The piece can be summed up to this, in the graf that follows: “If a planet of billions is to survive, however, we’ll need to take into consideration the welfare of people not yet harmed.” Also: people whose names we don’t know and whose faces we never see on television. A solid argument. Go read it here.

Very Good Paragraphs

From “Statements and Poems” in the collection of poet William Stafford’s writing on writing, Crossing Unmarked Snow

Each [essay] is a miracle that has been invited to happen. But these words, after they come, you look at what’s there. Why these? Why not some calculated careful contenders? Because these chosen ones must survive as they were made, by the reckless impulse of a fallible but susceptible person. I must be willingly fallible in order to deserve a place in the realm where miracles happen.

Very Good Paragraphs

From Sam Anderson’s email profile of Anne Carson in the Times:

I was e-mailing with Carson on the occasion of the publication of her new book, “Red Doc >” (that angle-bracket is, yes, a part of the title: “Red Doc >” was the default name Carson’s word-processing program gave to the file, and she stuck with it). “Red Doc >,” too, is arguably not poetry. Most of the text runs like a racing stripe down the center of the page, with a couple of inches of empty space on either side. This form was also a result of an accident with the computer. Carson hit a wrong button, and it made the margins go crazy. She found this instantly liberating. The sentences, with one click, went from prosaic to strange, and finally Carson understood — after years of frustration — how her book was actually supposed to work.

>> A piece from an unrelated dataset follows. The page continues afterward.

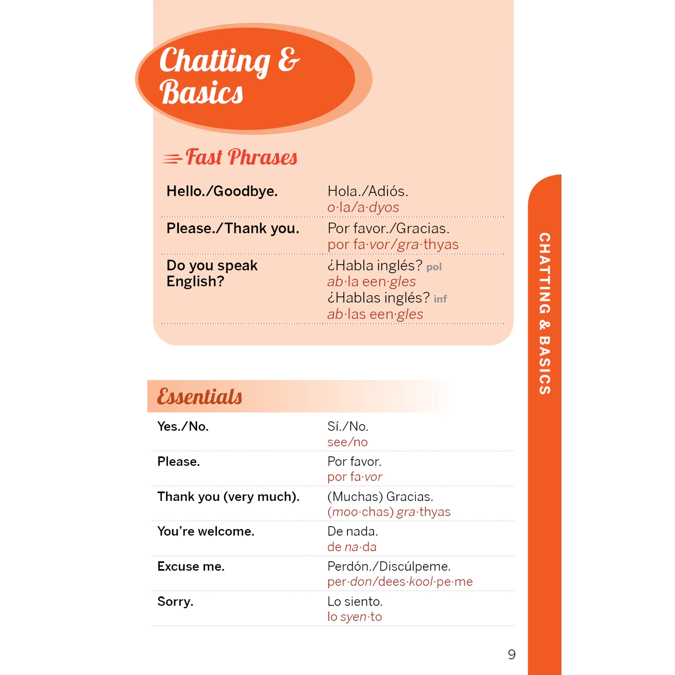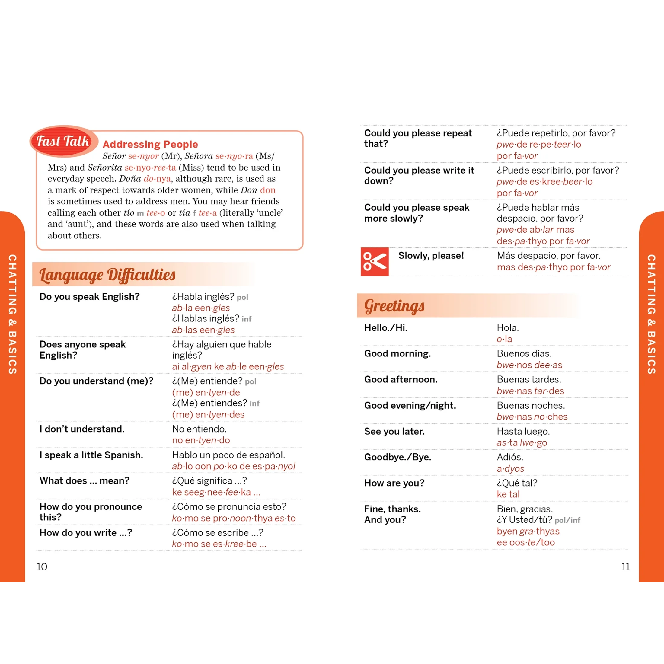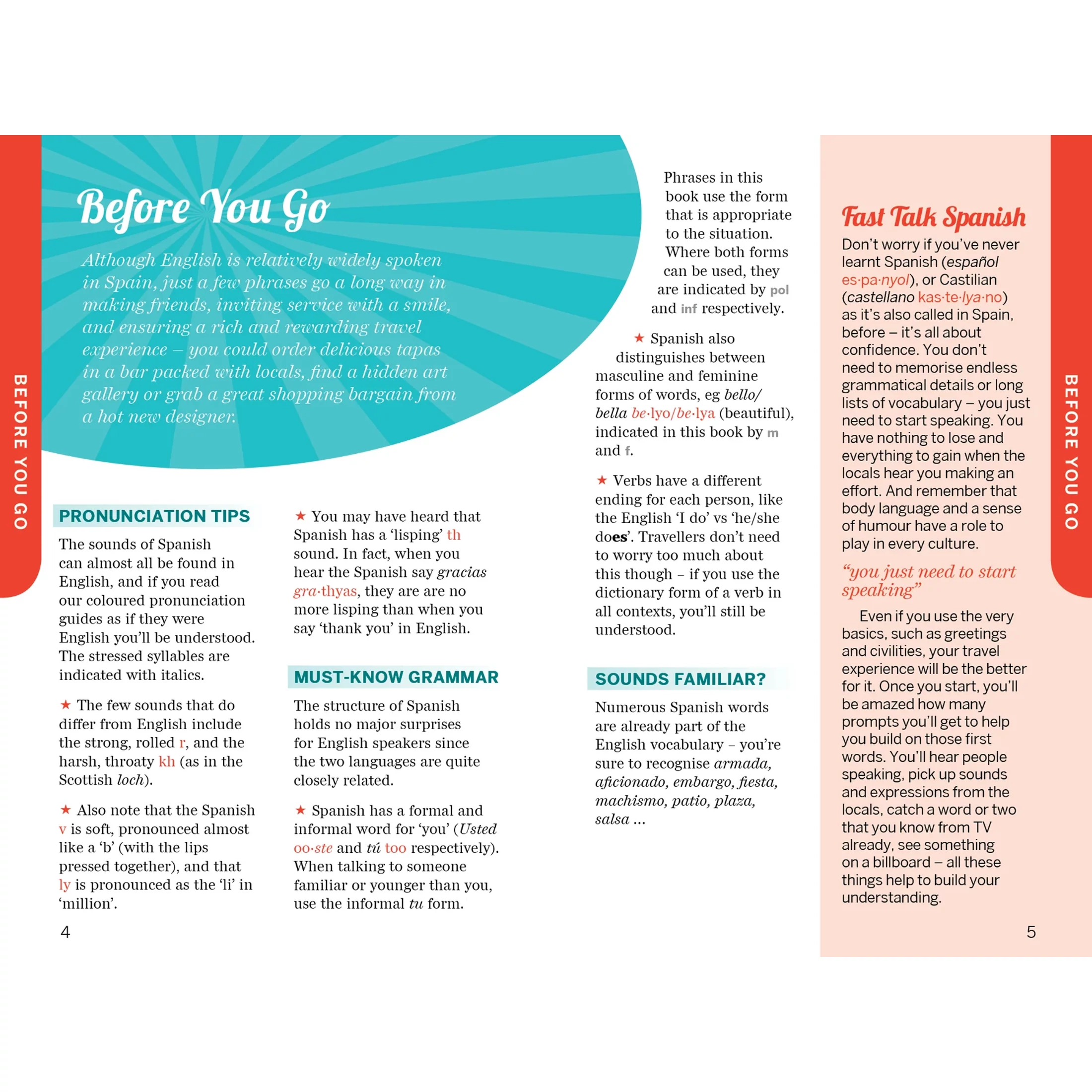 Bár el lehet boldogulni Spanyolországban a nyelv ismerete nélkül is, néhány alapvető kifejezés ismerete segíthet barátokat szerezni, kedves kiszolgálásban részesülni, és gazdagabb, kielégítőbb utazási élményeket szerezni. A "Fast Talk Spanish" egy tömör nyelvi útmutató, amely garantáltan magabiztossá tesz a beszédben.

I just like how this suggests that maybe Carson’s chief gift is being really bad at her computer.

Very Good Paragraphs

From this piece in the Guardian on the joys of anthropological writing, written by Will Self, who is becoming every time I read or read about him my total literary crush.

I probably reread Lopez’s book about every couple of years. Arctic Dreams is a more or less perfect example of a tendency in my reading towards what can only be described as “comfort savagery”. Lying abed, in the heart of a great, pulsing, auto-cannibalising conurbation, the supply chain of which girdles the earth like the monstrous tail of some effluent-belching comet, I find descriptions of how I myself might have lived before the great grainy surplus of the agricultural revolution curiously heartening. After all, what does any kind of reading provide for us if not the opportunity to exercise imaginative sympathy? Others may prefer to will themselves into James Bond’s dinner jacket and Aston Martin DB4, but I’d rather slip into a !Kung hunter’s penis sheath and heft his hunting spear.